Les repas s’ouvrent avec un potage qui se décline dans de multiples versions : maigre, gras, à la tortue, à la turque, à l’italienne… S’ensuivent des plats tous plus raffinés les uns que les autres. Ainsi, cappuccino de volaille au café, féroce d’avocat, osso-buco à l’orange-vanille viennent en renfort des mets plus au goût de l’Empereur : timbale de macaronis, rognons de veau en croûte, babas au limoncello, corbeau grillé… Le tout mis en scène dans un art de la table d’une grande élégance.

Le poulet Marengo, la célèbre recette d’un cuisinier de Napoléon

Selon la légende, alors que l’Empereur vient de scinder son armée en deux corps distincts, comme lors de la bataille de Waterloo, le général Desaix arrive sur l’arrière des Autrichiens, les malmène puis finit par décéder dans la bataille de Marengo (14 juin 1800). Napoléon, bien que peiné, est tellement soulagé d’avoir survécu qu’il réclame de quoi manger sur le champ. Dunand, son cuisinier dans l’armée d’Italie, prépare un plat à base de produits locaux afin de calmer la faim impérieuse du conquérant. Un poulet est alors découpé, puis mis à frire dans de l’huile d’olive et assaisonné avec de la pulpe de tomates rehaussée au cognac. Et pour accompagner ce plat improvisé, sont ajoutés des œufs frits et des écrevisses.

Au-delà de la légende, il est couramment admis que le plat connu sous le nom de poulet Marengo trouve en fait ses racines dans une tradition culinaire du Piémont où Napoléon savoure ce plat la veille de la célèbre bataille. Après avoir remporté la victoire, il demande à son chef, Dunand, de lui préparer à nouveau ce fameux poulet à la piémontaise. Dunand s’exécute, mais en adaptant la recette originale, faute de disposer de tous les ingrédients nécessaires.

Quoi qu’il en soit, cette recette trouvée en toute hâte par Dunand, malgré les maigres provisions dont il dispose après la victoire de Marengo sur les troupes autrichiennes, est depuis préparée partout en France et aussi déclinée avec du lapin ou du veau.

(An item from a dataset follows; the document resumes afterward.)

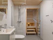 The eight-story Ajatar building has a total of 73 rental apartments. Options range from 29-square-meter studios to 63-square-meter two-bedroom apartments. The timeless color tones of the surface materials vary from white to light gray. The easy-care oak laminate flooring completes the cozy look of the home. The appliances have been selected to be not only high-quality but also easy to use. The stoves have an automatic power-off feature, and the apartments are equipped with an automatic sprinkler system. The apartments come with a dishwasher, a ceramic cooktop, a built-in oven, and a fridge/freezer combination.

Les cuisiniers de l’Empire au service du pouvoir impérial

Citons plusieurs cuisiniers de talent qui mettent couteaux, poêlons et passions au service du pouvoir : François Claude Guignet, dit Dunant, qui entre très tôt au service de Bonaparte, mais aussi André Viard auteur du fameux ouvrage Le Cuisinier impérial ou l’art de faire la cuisine et la pâtisserie pour toutes les fortunes, livre adapté en diverses versions lors du XIXe siècle : Le Cuisinier royal, puis Le Cuisinier national, pour redevenir Le Cuisinier impérial. Personnage ambigu, à la fois discret, mais aussi excentrique, il est considéré comme un véritable génie dans son domaine. Il attire l’attention de l’archichancelier Jean-Jacques de Cambacérès qui lui confie l’organisation de plusieurs de ses banquets.

Antonin Carême, surnommé le « roi des chefs et le chef des rois », brille comme une étoile incontestée dans le firmament de la haute gastronomie. Sa carrière, débutant dans les humbles cuisines de Paris, est une véritable odyssée culinaire. Il se révèle rapidement comme un prodige de la pâtisserie, captivant l’attention des gourmets de la capitale.

Son talent exceptionnel ne tarde pas à franchir les murs des cuisines parisiennes. Carême attire l’attention de figures influentes de son temps, notamment Charles Maurice de Talleyrand, diplomate et fin gastronome. Pour Talleyrand, Carême crée des festins somptueux, consolidant ainsi sa réputation de maître culinaire. Au-delà de Talleyrand, Carême sert des personnalités de marque telles que l’empereur François Ier d’Autriche, le tsar Alexandre Ier de Russie et le roi George IV d’Angleterre. Chaque service est une démonstration de son génie, mêlant créativité et raffinement.

Ses contributions à la littérature culinaire sont également révolutionnaires. Des ouvrages comme Le Pâtissier Royal Parisien et l’œuvre en cinq volumes L’Art de la Cuisine au XIXe siècle ne sont pas seulement des recueils de recettes : ils sont des manifestes qui redéfinissent l’art culinaire.

La disparition de Carême, le 12 février 1833, marque la fin d’une ère, mais son héritage demeure impérissable. Son disciple, Armand Plumerey, reprend le flambeau, s’inspirant de son mentor pour continuer à élever l’art de la cuisine française. C’est lui qui, après le décès de Carême, termine L’Art de la Cuisine au XIXe siècle.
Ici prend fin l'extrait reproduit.